Using the entries below, write out the line with "Szansę na sukces", the line with "Вид из Глиона", and every line in between, exactly as each is written.

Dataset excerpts
__________

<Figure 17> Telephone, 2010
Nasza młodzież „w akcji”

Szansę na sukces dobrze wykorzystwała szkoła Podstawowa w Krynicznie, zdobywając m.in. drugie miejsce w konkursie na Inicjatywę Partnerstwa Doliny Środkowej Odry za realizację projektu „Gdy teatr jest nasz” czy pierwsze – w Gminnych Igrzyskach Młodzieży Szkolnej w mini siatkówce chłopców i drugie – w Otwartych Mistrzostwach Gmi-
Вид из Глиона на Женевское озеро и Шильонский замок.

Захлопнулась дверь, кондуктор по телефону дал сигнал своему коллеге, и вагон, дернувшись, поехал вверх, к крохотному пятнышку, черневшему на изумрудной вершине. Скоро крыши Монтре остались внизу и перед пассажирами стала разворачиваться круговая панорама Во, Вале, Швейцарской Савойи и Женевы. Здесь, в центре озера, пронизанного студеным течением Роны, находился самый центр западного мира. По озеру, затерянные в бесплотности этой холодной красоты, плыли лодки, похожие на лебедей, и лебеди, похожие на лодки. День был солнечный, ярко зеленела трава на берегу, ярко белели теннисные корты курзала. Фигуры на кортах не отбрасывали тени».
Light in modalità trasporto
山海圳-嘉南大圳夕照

__________

■ Solution for this problem:
Szansę na sukces dobrze wykorzystwała szkoła Podstawowa w Krynicznie, zdobywając m.in. drugie miejsce w konkursie na Inicjatywę Partnerstwa Doliny Środkowej Odry za realizację projektu „Gdy teatr jest nasz” czy pierwsze – w Gminnych Igrzyskach Młodzieży Szkolnej w mini siatkówce chłopców i drugie – w Otwartych Mistrzostwach Gmi-
Вид из Глиона на Женевское озеро и Шильонский замок.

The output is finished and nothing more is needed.